Using TensorFlow backend.


In [2]:
# initialize plotly notebook_mode
init_notebook_mode(connected=True)

# filter out warning messages
warnings.filterwarnings('ignore')

#### Data Prep <a id='prep' />

Read in data and perform basic data manipulations

In [3]:
# read in the trip and weather data. We will not be using the station data, but there are a number of ways we could use
# this if we took advantage of the location information. 
base_path = '/Users/jasonlewris/Desktop/cycle-share-dataset/'
# base_path = r'C:\Users\jlewris\Desktop\BikeData'
trip = pd.read_csv(os.path.join(base_path, 'trip.csv'), error_bad_lines=False)
weather = pd.read_csv(os.path.join(base_path, 'weather.csv'))

b'Skipping line 50794: expected 12 fields, saw 20\n'


In [4]:
# for the purposes of this tutorial, we are going to drop rows without demographic data
trip = trip.loc[trip['gender'].notnull()]

In [5]:
# some basic preprocessing functions that should be pulled out into a utility file

def convert_date(dte):
    """
    convert string date into datetime object
    
    Parameters
    ----------
    dte - string
          datetime string object
          
    Return 
    ----------
    datetime obj
        string input converted to datetime object
    """
    try:
        dte = datetime.strptime(dte, '%m/%d/%Y %H:%M')
    except ValueError:
        dte = datetime.strptime(dte, '%m/%d/%Y')
    return dte

def return_part_date(dte, part_of_date='month'):
    """
    Pull the part_of_date from input datetime object
    
    Parameters
    ----------
    dte - datetime object
          input datetime object
    
    part_of_date - str - ['month', 'day', 'year', 'hour', 'minute']
          
    Return 
    ----------
    part of date
        part of date, i.e. year, hour, etc. 
    """
    dte = convert_date(dte)
    return getattr(dte, part_of_date)

def is_weekday(dte):
    """
    return whether a dte is a weekday or not
    
    Parameters
    ----------
    dte - datetime object
          input datetime object
              
    Return 
    ----------
    binary flag
        1 if is weekday else 0 
    """
    dte = convert_date(dte)
    if dte.weekday() not in [5, 6]:
        return 1
    else:
        return 0
    
def map_hours(hr):
    """
    map input hour into bin
    
    Parameters
    ----------
    hr - int - required
          input hour
              
    Return 
    ----------
    string
        bin of hour (early_morning, morning_rush, mid_day, evening_rush, evening)
    """
    if hr < 6:
        return 'early_morning'
    elif hr >= 6 and hr < 10:
        return 'morning_rush'
    elif hr >= 10 and hr < 15:
        return 'mid_day'
    elif hr >= 15 and hr < 19:
        return 'evening_rush'
    else:
        return 'evening'

In [6]:
# pull relevant parts of date
trip['start_day'] = trip['starttime'].apply(lambda x: return_part_date(x, part_of_date='day'))
trip['start_year'] = trip['starttime'].apply(lambda x: return_part_date(x, part_of_date='year'))
trip['start_month'] = trip['starttime'].apply(lambda x: return_part_date(x, part_of_date='month'))
trip['start_hour'] = trip['starttime'].apply(lambda x: return_part_date(x, part_of_date='hour'))
weather['start_day'] = weather['Date'].apply(lambda x: return_part_date(x, part_of_date='day'))
weather['start_year'] = weather['Date'].apply(lambda x: return_part_date(x, part_of_date='year'))
weather['start_month'] = weather['Date'].apply(lambda x: return_part_date(x, part_of_date='month'))

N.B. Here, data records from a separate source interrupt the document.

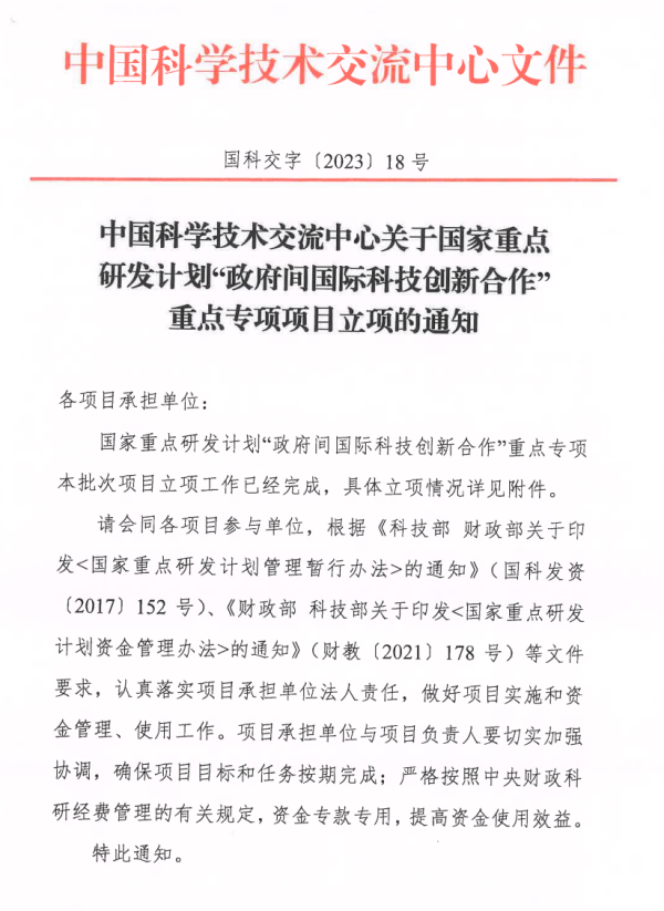 发布日期:2023-09-04 21:31 来源:省环境工程技术有限公司 字体:[ 大 中 小 ]近日,科技部中国科学交流中心发布了2023年《重点研发计划“政府间国际科技创新合作”重点专项项目立项通知》,江苏省环保集团所属省环境工程技术有限公司联合南京扬子江生态文明创新中心、新加坡南洋理工大学、南京大学、南京工业大学、中日友好环境保护中心和国家先进印染技术创新中心等单位申报的2023年国家重点研发计划“工业有机废水治理与资源化中新协同创新中心”项目正式获批。南京扬子江生态文明创新中心为牵头单位、新加坡南洋理工大学为外方合作单位。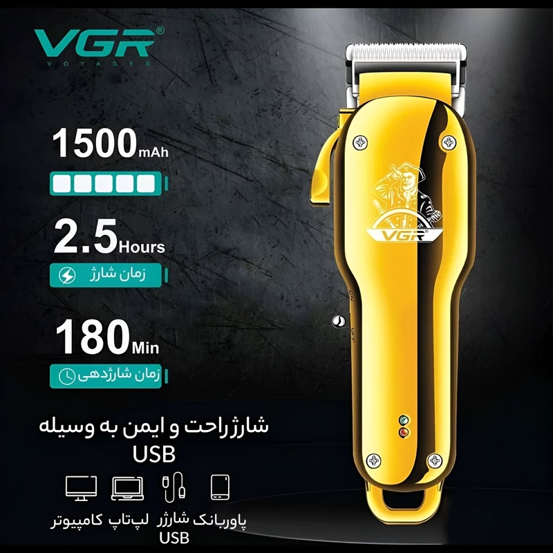 ماشین اصلاح سر و صورت خط زن و حجم زن حرفه ای وی جی آر VGR اصل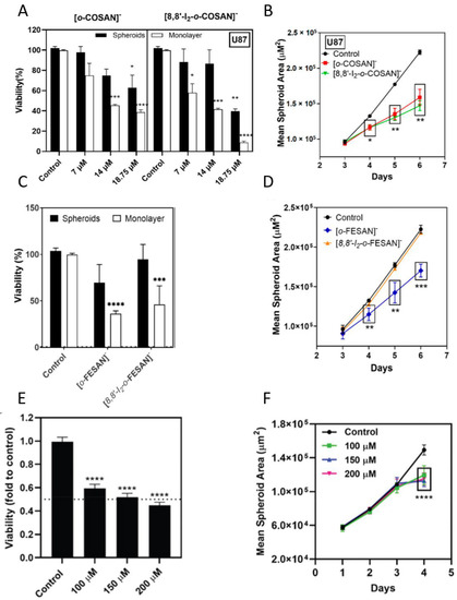 Effects of metallacarboranes in glioblastoma spheroids. (A) Viability of spheroids and monolayer-grown cells 72 h after incubation with [o-COSAN]− and [8,8′-I2-o-COSAN]−, determined by the APH test. (B) Spheroid growth, given by the mean spheroid area as a function of culture time, after incubation with [o-COSAN]− and [8,8′-I2-o-COSAN]−. (C) Viability of spheroids and monolayer-grown cells 72 h after incubation with [o-FESAN]− and [8,8′-I2-o-FESAN]−, determined by the APH test. (D) Spheroid growth, given by the mean spheroid area as the function of culture time, after incubation with [o-FESAN]− and [8,8′-I2-o-FESAN]−. (E) Viability of spheroids 24 h after incubation with Na[o-57FESAN]−, determined by the CellTiter-Glo® 3D Cell Viability Assay. (F) Spheroid growth, given by the mean spheroid area in function of culture time, after incubation with Na[o-57FESAN]. Spheroids or monolayer cultures treated only with the medium were used as the controls. Statistical significance was calculated using one-way ANOVA, followed by Dunnett’s test comparing treated spheroids/cells with control spheroids/cells (* p ≤ 0.05, ** p ≤ 0.01, *** p ≤ 0.001, and **** p ≤ 0.0001). Adapted from [70,73,179].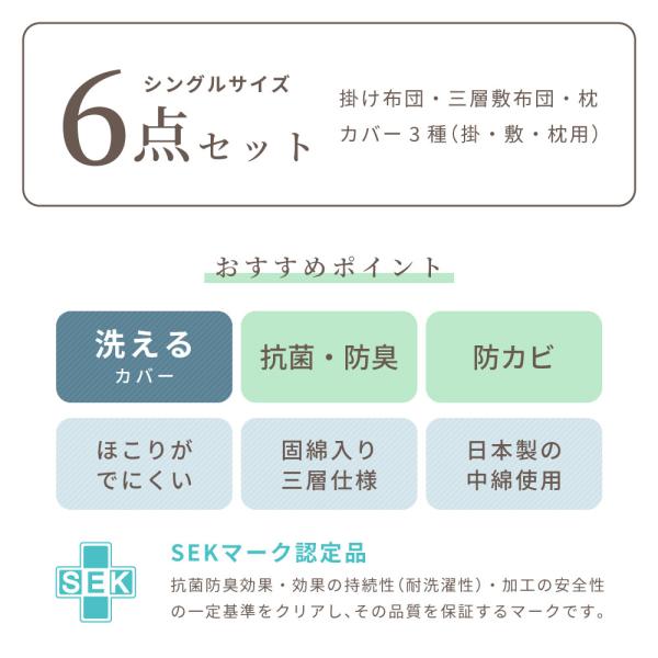 布団セット シングル 6点 テイジン 抗菌 防カビ 防ダニ 一式 まくら 枕 マクラ 敷き布団 掛け布団 カバー付き 綿 軽い おしゃれ 無地 シンプル 寝具 来客用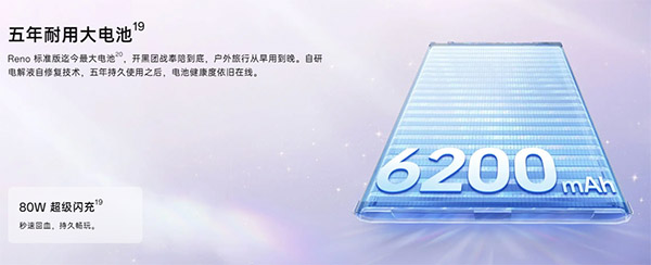 在电池的配置上,这次的OPPO Reno15配置的是6200mAh超大电池,受限于机身尺寸,小屏手机在续航方面往往能力较弱,然而这块6200mAh的石墨烯电池,能够提供相当不错的续航能力。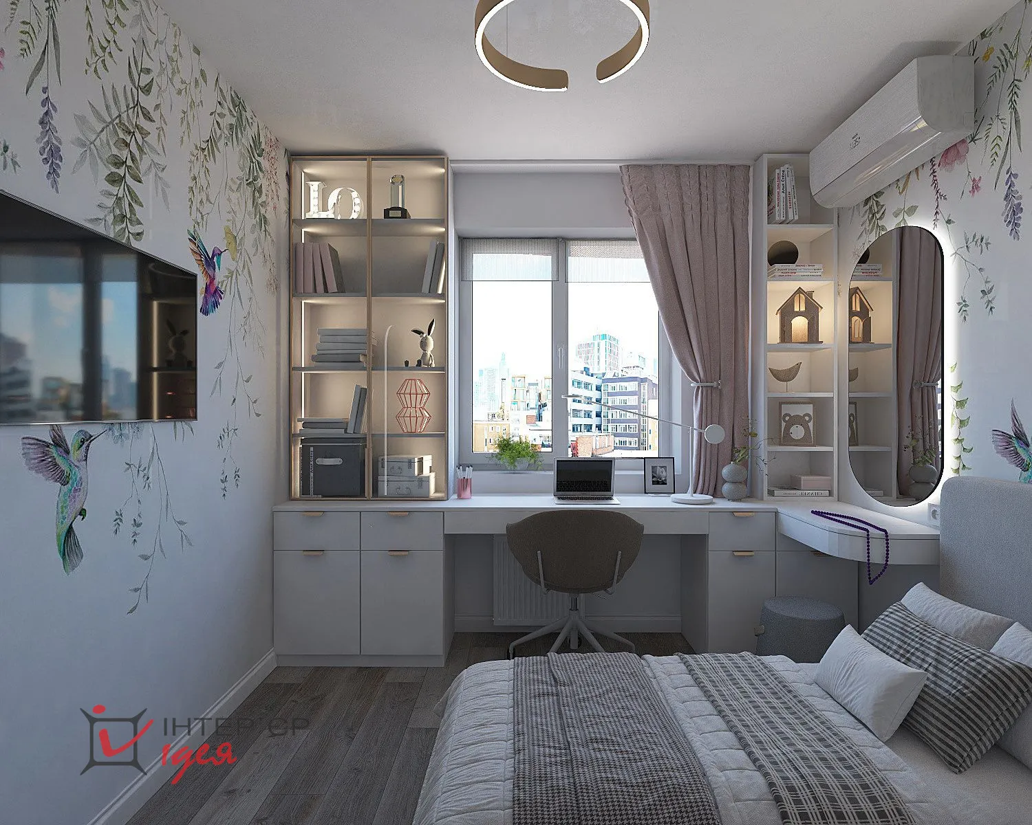 Створення цього інтер'єру стало справжнім викликом: на площі всього 9,2 м ² потрібно було розмістити все необхідне для школярки 7 років і зберегти легкість і затишок.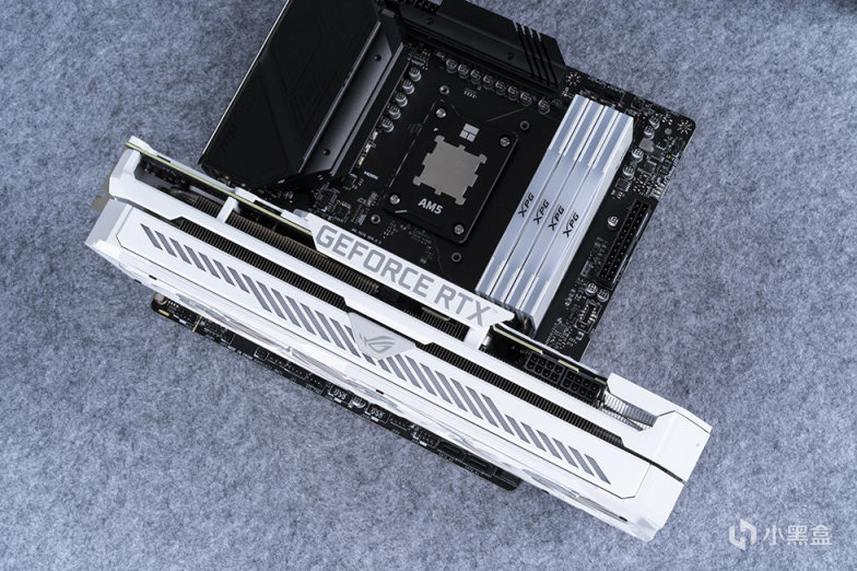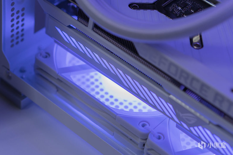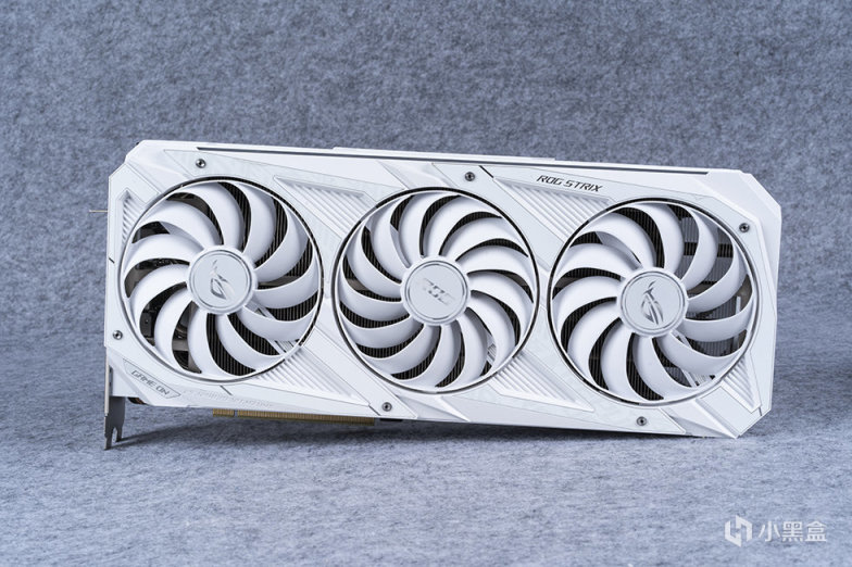 顯卡依舊選用了白色卡里目前最耐看的白猛禽3070, 顯卡通體純白色外觀,散熱外框有大量斜向線條裝飾。

# test if date is weekday or not
trip['weekday'] = trip['starttime'].apply(lambda x: is_weekday(x))

In [7]:
# pull out just the mean values for weather
weather_sub = weather[['Mean_Temperature_F', 'MeanDew_Point_F', 'Mean_Humidity', 
                      'Mean_Visibility_Miles', 'Mean_Wind_Speed_MPH', 'Precipitation_In', 
                      'start_day', 'start_year', 'start_month']]

In [8]:
trip = pd.merge(trip, weather_sub, on=['start_day', 'start_year', 'start_month'], how='left')

In [9]:
# drop end location information
trip = trip.drop(['to_station_name', 'to_station_id', 'from_station_name'], axis=1)

In [10]:
# get age of rider
trip['rider_age'] = trip['start_year'] - trip['birthyear']

### Basic Exploratory Data Analysis <a id='eda' />

Perform basic exploratory analysis of the bicycle data. Some preliminary analysis includes:

* Number of trips by weekend/weekday by hour
* Average trip duration by weekend/weekday by hour
* Average trip duration by gender
* Correlation heatmap of key variables of interest

In [11]:
# number of trips by day type and hour
numtrips_weekday = trip.groupby(['weekday', 'start_hour'])['trip_id'].nunique().reset_index(name='numTrip')

total_weekday_trips = trip.loc[trip['weekday'] == 1]['trip_id'].nunique()
total_weekend_trips = trip.loc[trip['weekday'] == 0]['trip_id'].nunique()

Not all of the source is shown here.